Work instructions — For this exercise, repeat the whole listing below exactly. Leave the pictures out.

Dataset records —
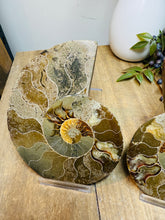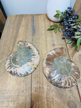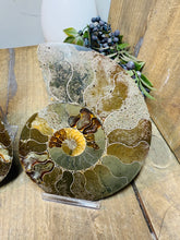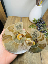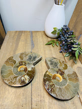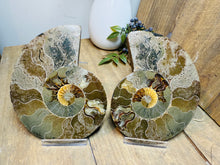 These fossils consist of an Ammonite cut in half and polished to create a gorgeous pair. This matching pair have been cut in half and then polished on one side to reveal it's generous colours, internal caves and patterns.
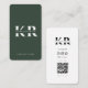Modern Custom Name Monogram Dark Green Qr Code Business Card
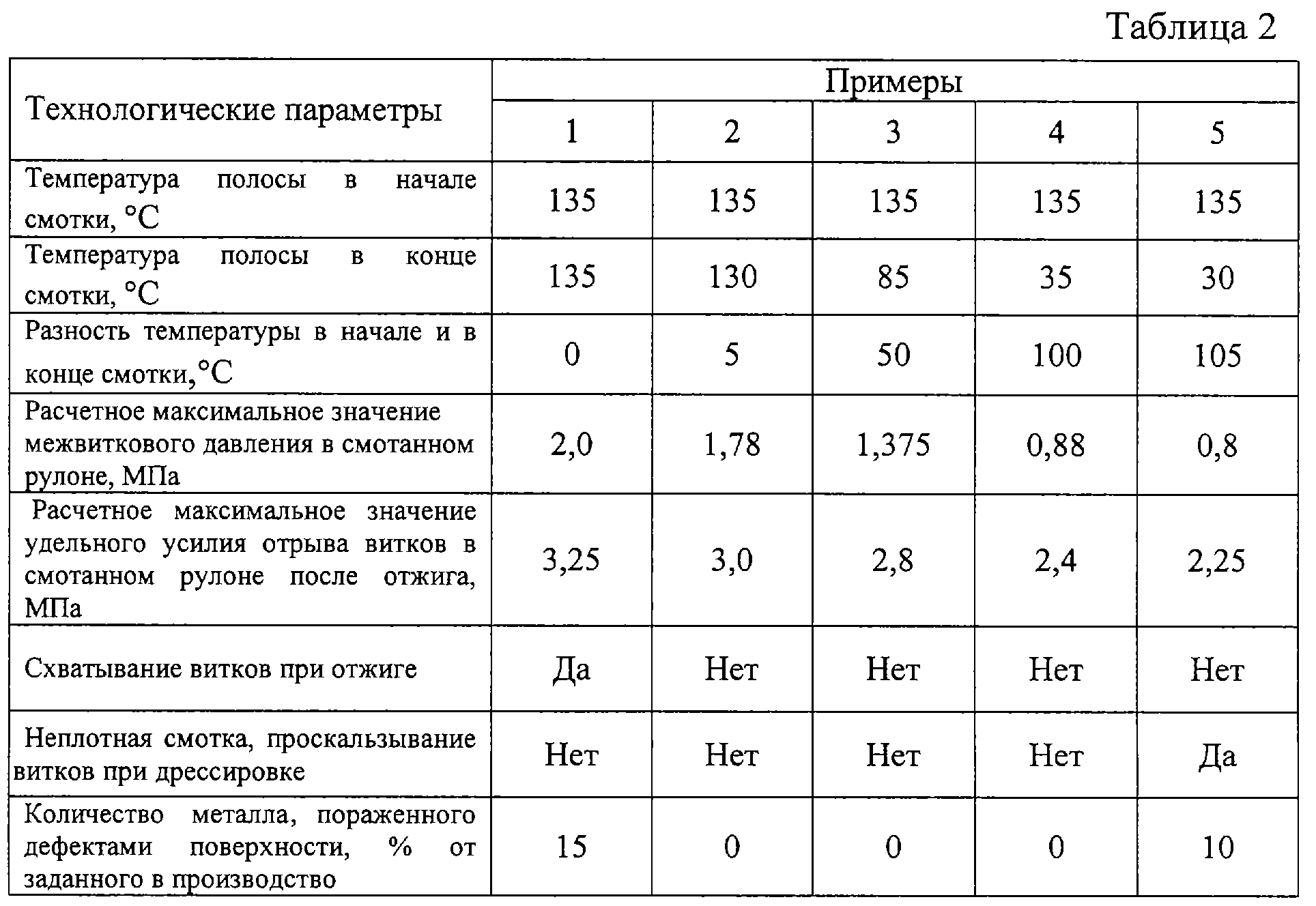 – продолжительность действия температуры Т, мин; Ra – шероховатость поверхности полосы, мкм. Диапазоны изменения параметров, в которых получена зависимость: р=0…50 Н/мм2; т=0…180 мин; Т=600…730°С; Ra=0,5…1,7 мкм соответствуют диапазонам изменения этих технологических параметров в процессе прокатки и формирования рулона, а также в ходе отжига рулонов металлических полос в колпаковых печах.
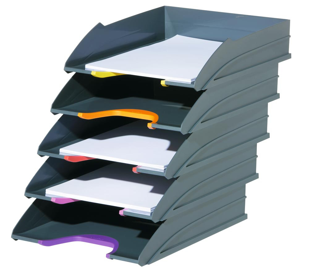 Briefablageschalen, grau/anthrazit mit verschiedenfarbigen Greifzonen, stapelbar, VE 5 Stück
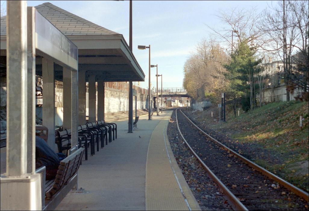 The commuter rail platform at Porter Square is nearly empty of people waiting for an inbound train to North Station.

Answer to the problem —
 These fossils consist of an Ammonite cut in half and polished to create a gorgeous pair. This matching pair have been cut in half and then polished on one side to reveal it's generous colours, internal caves and patterns.
Modern Custom Name Monogram Dark Green Qr Code Business Card
 – продолжительность действия температуры Т, мин; Ra – шероховатость поверхности полосы, мкм. Диапазоны изменения параметров, в которых получена зависимость: р=0…50 Н/мм2; т=0…180 мин; Т=600…730°С; Ra=0,5…1,7 мкм соответствуют диапазонам изменения этих технологических параметров в процессе прокатки и формирования рулона, а также в ходе отжига рулонов металлических полос в колпаковых печах.
 Briefablageschalen, grau/anthrazit mit verschiedenfarbigen Greifzonen, stapelbar, VE 5 Stück
 The commuter rail platform at Porter Square is nearly empty of people waiting for an inbound train to North Station.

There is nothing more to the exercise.